The problem -
Below are records with pictures; copy word for word only the lines between the line with "Il sindaco Paolo" and the line with "Tarlayı kazarak buldukları", inclusive, and drop the pictures.

Information provided -
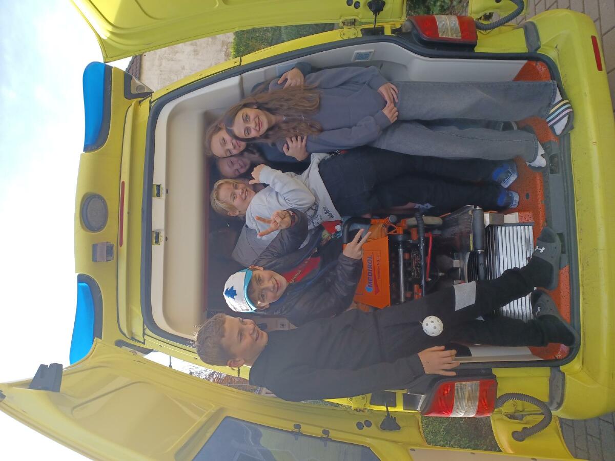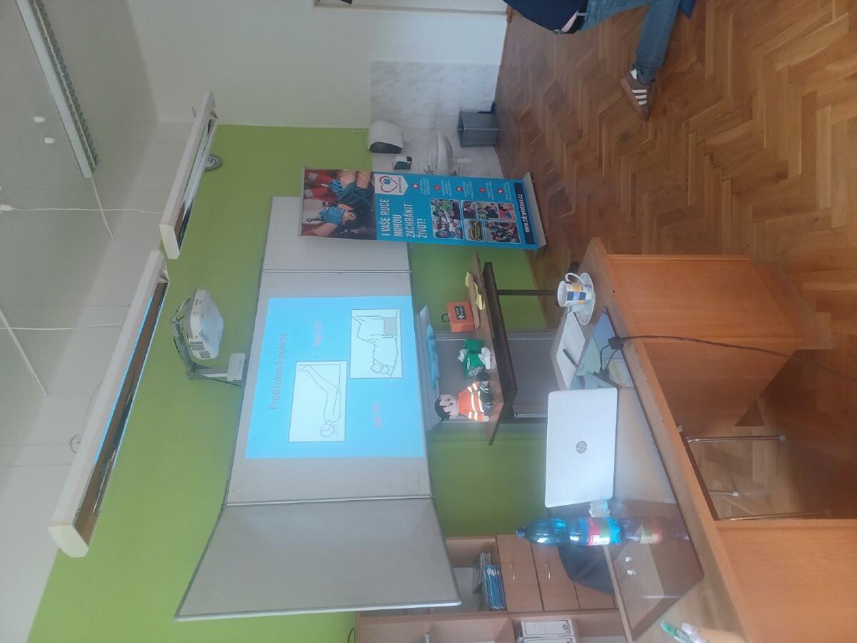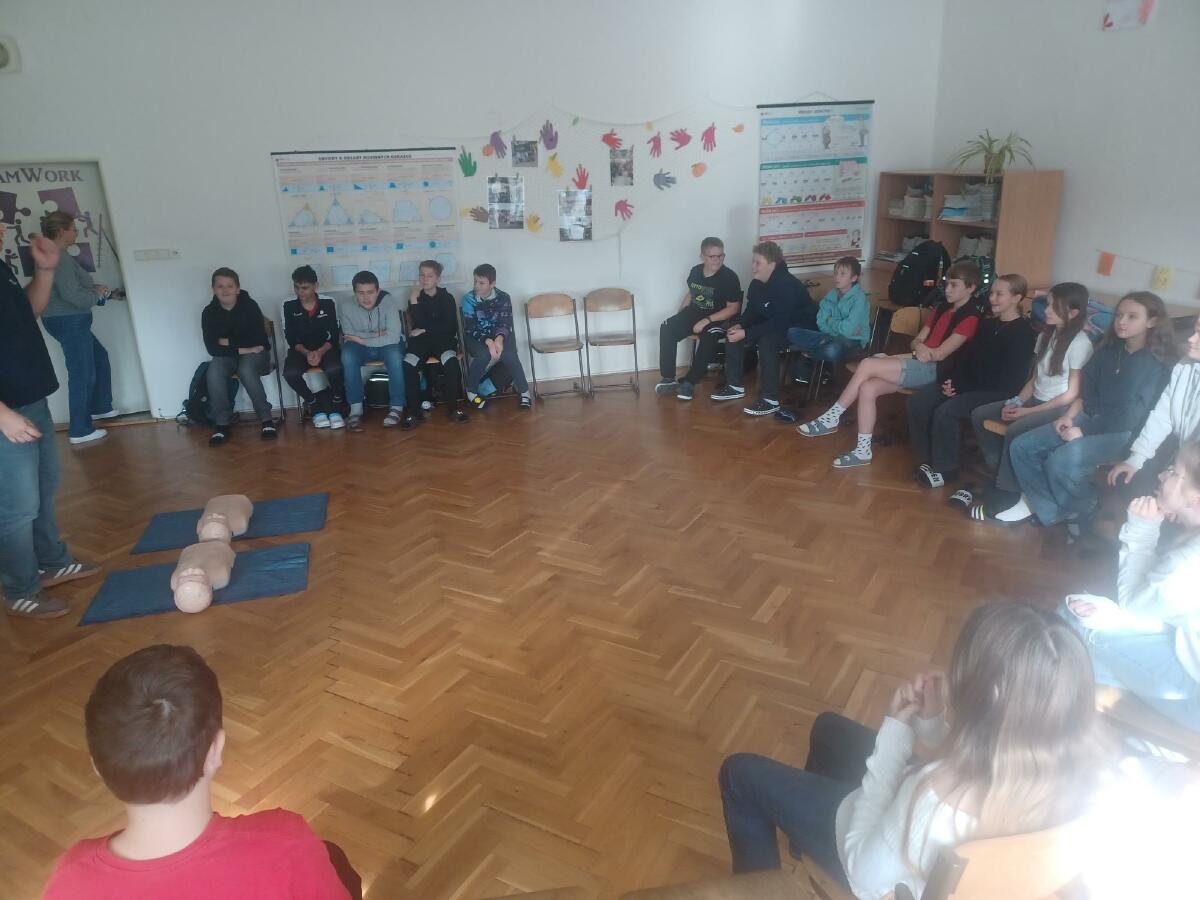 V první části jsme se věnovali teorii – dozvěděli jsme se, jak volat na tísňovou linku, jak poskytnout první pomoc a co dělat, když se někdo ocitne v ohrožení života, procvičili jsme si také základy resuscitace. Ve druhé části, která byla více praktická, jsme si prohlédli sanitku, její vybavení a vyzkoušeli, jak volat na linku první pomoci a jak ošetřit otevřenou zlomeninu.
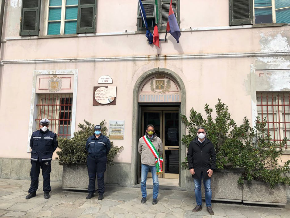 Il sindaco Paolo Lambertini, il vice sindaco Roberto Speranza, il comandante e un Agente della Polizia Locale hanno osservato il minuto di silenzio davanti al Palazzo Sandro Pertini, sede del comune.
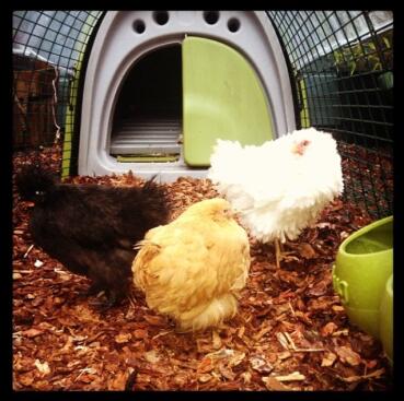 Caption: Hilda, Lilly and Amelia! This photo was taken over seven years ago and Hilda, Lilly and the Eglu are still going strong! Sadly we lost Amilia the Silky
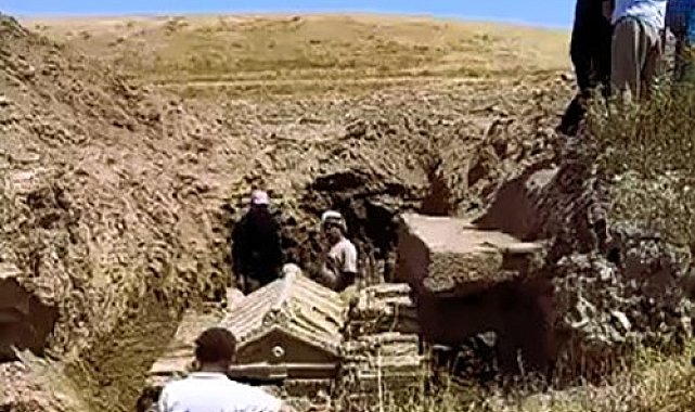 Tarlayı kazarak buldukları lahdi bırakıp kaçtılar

--

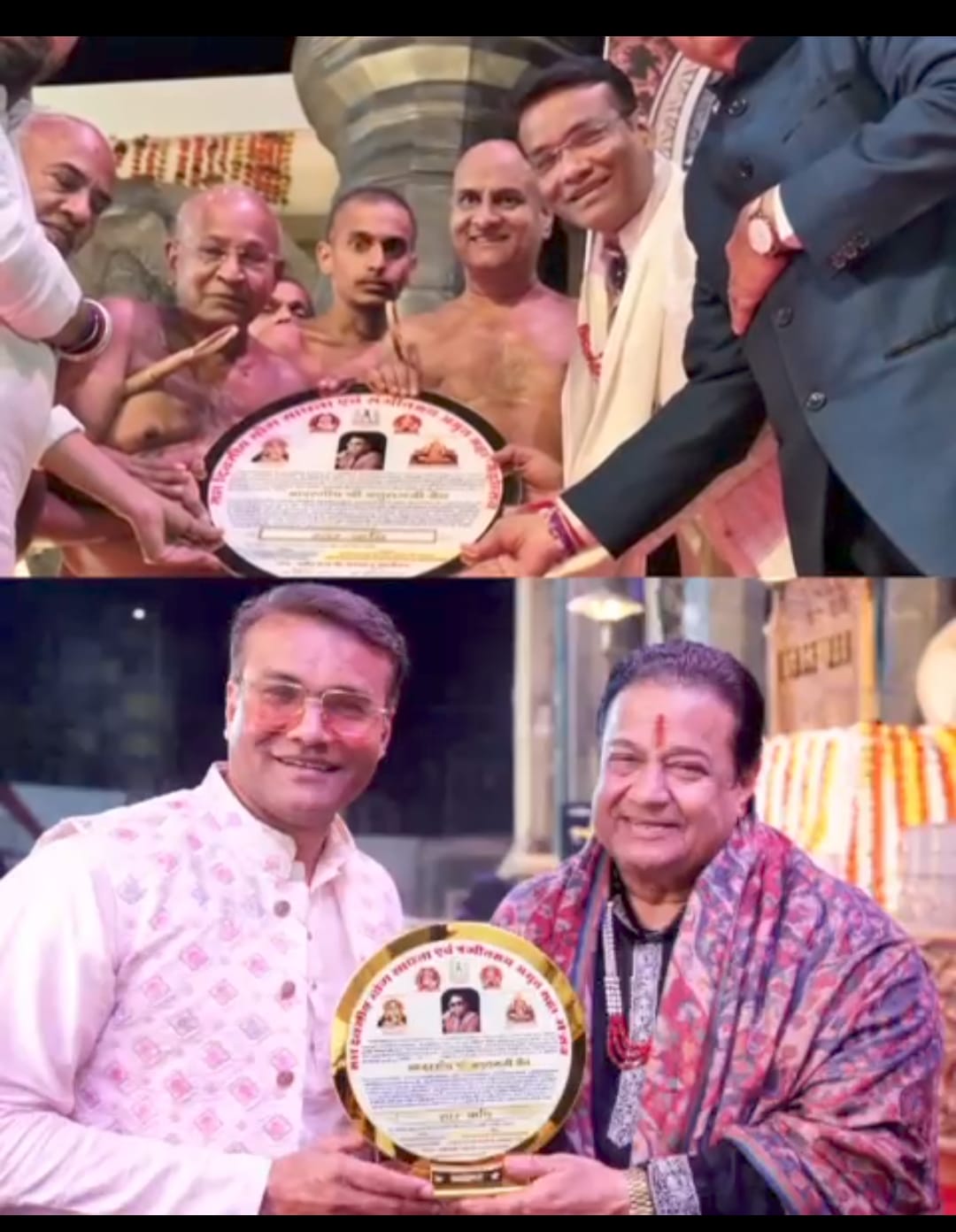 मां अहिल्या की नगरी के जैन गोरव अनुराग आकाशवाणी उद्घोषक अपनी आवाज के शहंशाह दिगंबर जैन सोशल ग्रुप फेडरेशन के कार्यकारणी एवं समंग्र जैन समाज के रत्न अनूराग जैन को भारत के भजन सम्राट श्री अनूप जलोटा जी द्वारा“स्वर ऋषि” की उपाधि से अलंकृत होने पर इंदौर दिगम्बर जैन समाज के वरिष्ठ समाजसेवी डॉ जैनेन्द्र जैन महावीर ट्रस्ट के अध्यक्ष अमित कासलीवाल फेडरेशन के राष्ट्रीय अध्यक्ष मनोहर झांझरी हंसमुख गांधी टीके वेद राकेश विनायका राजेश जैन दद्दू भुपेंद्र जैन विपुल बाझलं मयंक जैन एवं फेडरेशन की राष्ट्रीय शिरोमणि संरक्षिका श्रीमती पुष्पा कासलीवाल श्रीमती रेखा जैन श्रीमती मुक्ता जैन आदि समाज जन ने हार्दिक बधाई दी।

Task answer -
 Il sindaco Paolo Lambertini, il vice sindaco Roberto Speranza, il comandante e un Agente della Polizia Locale hanno osservato il minuto di silenzio davanti al Palazzo Sandro Pertini, sede del comune.
 Caption: Hilda, Lilly and Amelia! This photo was taken over seven years ago and Hilda, Lilly and the Eglu are still going strong! Sadly we lost Amilia the Silky
 Tarlayı kazarak buldukları lahdi bırakıp kaçtılar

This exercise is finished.